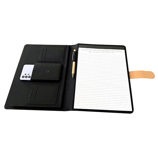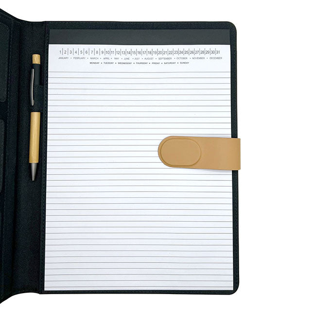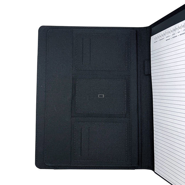 Porta Documentos Tokio l Incluye block de hojas rayadas. l Interior con portabolígrafos y compartimentos organizadores l Presiila en cierre magnético.
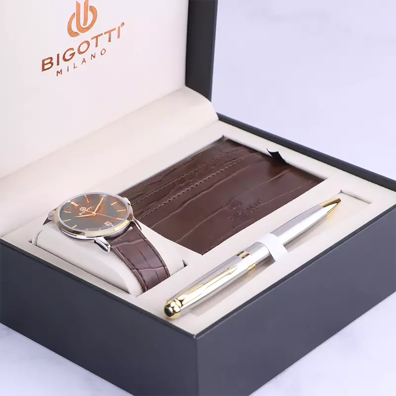 ساعت مچی بیگوتی مردانه بند چرمی قهوه ای BG 1.10422/2
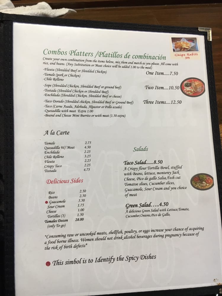 Create your own conbination from the tems below, mix them and match as you please. All come with rice, and beans.

About this exercise: Print every line above once more, exactly. Omit the pictures.

Solution:
 Porta Documentos Tokio l Incluye block de hojas rayadas. l Interior con portabolígrafos y compartimentos organizadores l Presiila en cierre magnético.
 ساعت مچی بیگوتی مردانه بند چرمی قهوه ای BG 1.10422/2
 Create your own conbination from the tems below, mix them and match as you please. All come with rice, and beans.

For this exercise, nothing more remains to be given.